Whenever I care about someone who doesn’t seem to care as much as I do, I feel stupid. I feel stupid and pathetic when I wait for messages that never come, when I spend so much time thinking about people who probably never think about me, when I let people who I’m so unimportant to become so important to me. Yet I continue to do all of those things, not usually on purpose.
In the past, if I would’ve been able to not care, I would’ve taken the opportunity. Not caring is easier. Not caring hurts less. Not caring keeps you moving towards your goals and focusing on yourself rather than spending so much time and energy on this random other person who probably doesn’t care about you at all anyways.
If I didn’t care, I wouldn’t check my phone for messages. I would keep writing stories and dreaming and believing in myself.
If I didn’t care, I wouldn’t waste time on social media searching for hints and answers. What went wrong? Why doesn’t this person care about me as much as I care about them? Why why why?
If I didn’t care, I wouldn’t have to wonder why I care. I wouldn’t play back scenes in my head over and over again. I wouldn’t try to re-create the magic. I wouldn’t over-analyze every situation. I would just let those moments be as simple as they were. As beautiful as they were.
If I didn’t care, the memories and songs and places I used to love wouldn’t start to annoy me. I wouldn’t think of a person whenever I walked a certain way or heard a certain song. I could just go about my daily life, aloof and apathetic and unaffected.

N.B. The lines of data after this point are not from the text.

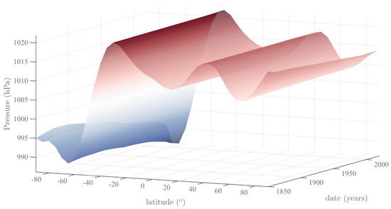 These are readily recognized as the Jose, Gleissberg, Hale and Schwabe cycles, the quasi-biennial oscillation and the annual cycle followed by its first three harmonics. Figure 3 represents the mean (from 1850 to 2020) of the SSA trends of SLP in Hammer–Aitoff and north and south stereographic polar projections. This mean is representative, since the observed (decreasing) overall variation in pressure is only 0.1% in the 170 years of the study. We illustrate the stability of the SLP trend both in space and time with Figure 4, which shows the variation in the trend of SLP since 1850 as a function of latitude. Indeed, the latitudinal structure of mean pressure (SSA trend) is remarkably stable over 170 years (a rather rare feature in geophysics and geodynamics, both internal and external to the solid Earth), with its typical asymmetry between the two hemispheres.
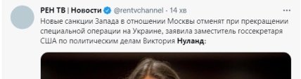 Нуланд сказала, що санкції будуть частково зняті у разі закінчення росією війни та її допомоги у відбудові України, якщо рф не тільки займеться відновленням миру, але й визнає український суверенітет, цілісність території та право на існування.
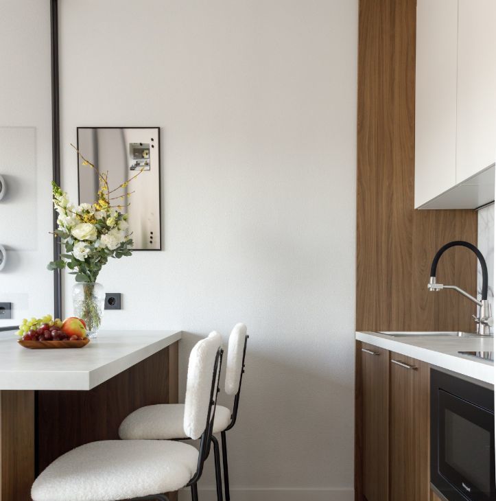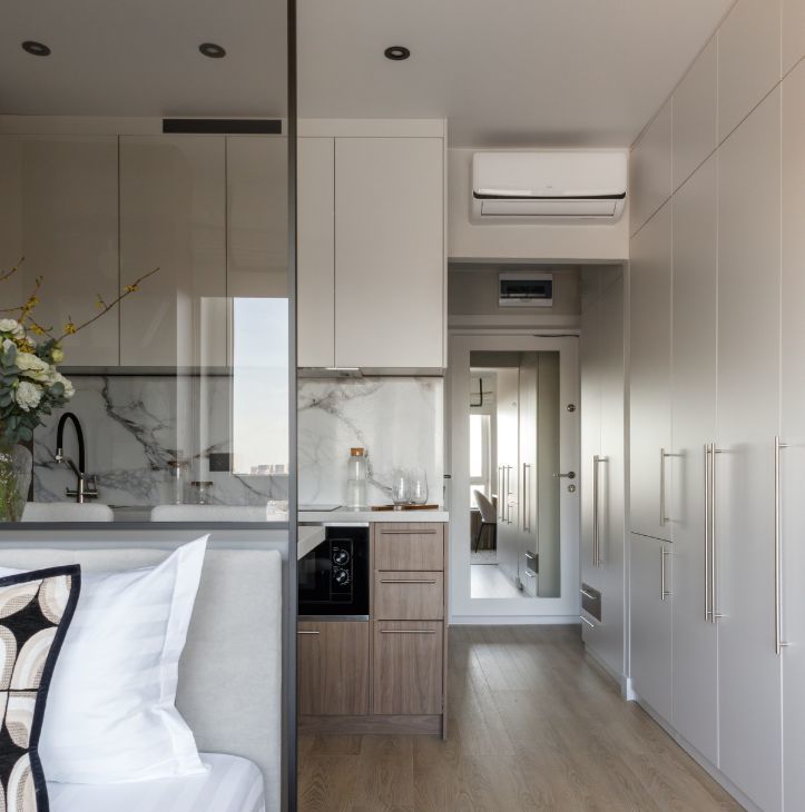 Нежная, утонченная квартира, полностью оснащена всем: качественной, уютной современной мебелью и техникой- холодильник встраиваемый, морозилка, плита, вытяжка, посудомоечная машина, встраиваемая микроволновая печь, стиральная/сушильная машина (2в1), телевизор.

But I’ve realized that I don’t want to be any of those things. I would rather care than go through life only concerned with issues that directly impact me. I would rather care than not know what it feels like to love or care about someone, even if they don’t share the feelings. I would rather feel hurt than feel nothing.
And that’s what it truly comes down to: feeling something or nothing.
The “something” is complicated. It’s messy and painful and wonderful and amazing and awful and brilliant and annoying. It can be all-consuming at times. It can make you feel lost and lonely and unsure when you felt okay before. When you were fine on your own before.
But the “nothing” is exactly what it sounds like: nothing. Okay. Fine.
We’re okay on our own. But when we let other people’s worlds melt into our own, when we open our hearts up and share our stories, when we let other people’s stories touch us in a way that we can’t escape, we hurt and we wonder and we feel. We see something more. We become something more.
It’s never easy. Listening to people talk and reading tragic headlines and opening your heart up to new people is painful. But I’ve come to one conclusion recently: caring isn’t stupid.
I refuse to see myself as an idiot because I was honest with myself and the world. Because I let other people’s words travel onto the pages of my life and become part of my story. It doesn’t matter if my name makes it to their stories. I’m Paige. I’m learning and exploring and opening myself up to the world around me. And I’m not stupid.